NfsOZn showed an increase in zinc concentration compared to the control treatment applied to the root, leaf, and fruit; however, the results seen in the stalk were similar to those shown by the control treatment (Figure 7). The NfsOZn treatment was observed to show the highest zinc concentration in the fruit, which suggests that NfsOZn can help in the biofortification of cv. Strike green beans.

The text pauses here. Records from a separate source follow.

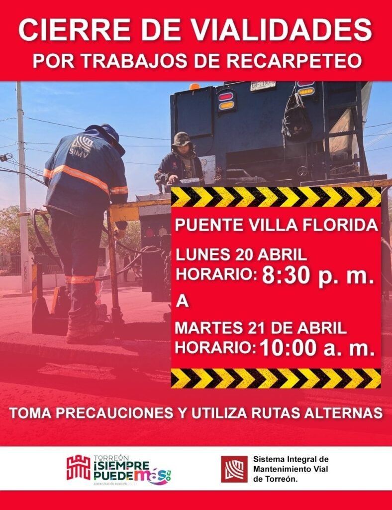 Torreón, Coahuila, a 19 de abril de 2026. – El Sistema Integral de Mantenimiento Vial (SIMV) del Municipio de Torreón, informa sobre el reporte oficial
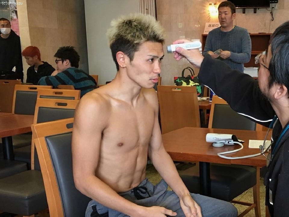 一方、A級初戦でタイトル戦となった馬庭は200gアンダーの55.1kgで合格。計量を終えた馬庭は「僕にはツキがある。初の8回戦の試合で初のメインイベントで初のタイトルマッチ。敵地は関係ない。明日は普通にやれば倒して勝てる。名古屋を観光して帰ります」と気を吐いた。
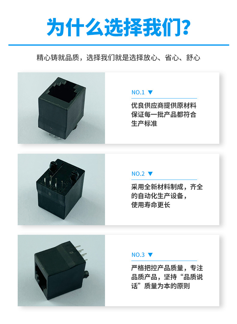 本公司提供優良的RJ11、RJ12電話插接件、RJ45網絡插接件,耐環境RJ45防水連接器,防水電連接器及其它精密連接器,產品應用于網絡通訊(電腦主板,網絡交換機,路由器,電信設備)、惡劣環境下數據傳輸與控制及電源信號傳輸與控制(戶外LED顯示屏、機器控制、工業程序控制等)

In general, there is limited information on the effect that NfsOZn have on the physiological and biochemical parameters of beans. Therefore, it is necessary to conduct a more in-depth evaluation of the effect caused by nanoparticles (nanofertilizers) on the physiology and biochemistry of various farm crops, as well as the impact thereof on the environment. Moreover, a negative effect has been observed for high zinc doses over the parameters studied, such as biomass accumulation, yield, photosynthetic pigment content, and the in vivo activity of nitrate reductase. Hence, it is recommendable to study this. In this regard, Wang et al. [39] mentioned that zinc is a necessary element for plants, but excess Zn can be detrimental. The same authors stated that excess Zn exerts its toxicity partially through disturbing the nutrient balance and inducing oxidative stress in plants. These data will be helpful for better understanding of toxicity of Zn and the adaptive mechanism in Zn non-hyperaccumulator plants.

4. Conclusions

The best doses favoring an increase in biomass, production, and nitrogen assimilation were 50 ppm of ZnSO₄, 100 ppm of DTPA-Zn, and 25 ppm of NfsOZn. Hence, the dose containing 25 ppm of NfsOZn was the most efficient dose, since at a lower dose it was better able to equalize biomass accumulation, production, and nitrogen assimilation as compared to ZnSO₄ and DTPA-Zn sources. The efficiency of the zinc application depended on the source and doses of the application. Further research is required, given that high NfsOZn doses were toxic for beans. Finally, it is worth highlighting that zinc oxide nanoparticles have a huge potential to be used as nanofertilizers if applied in optimal concentrations.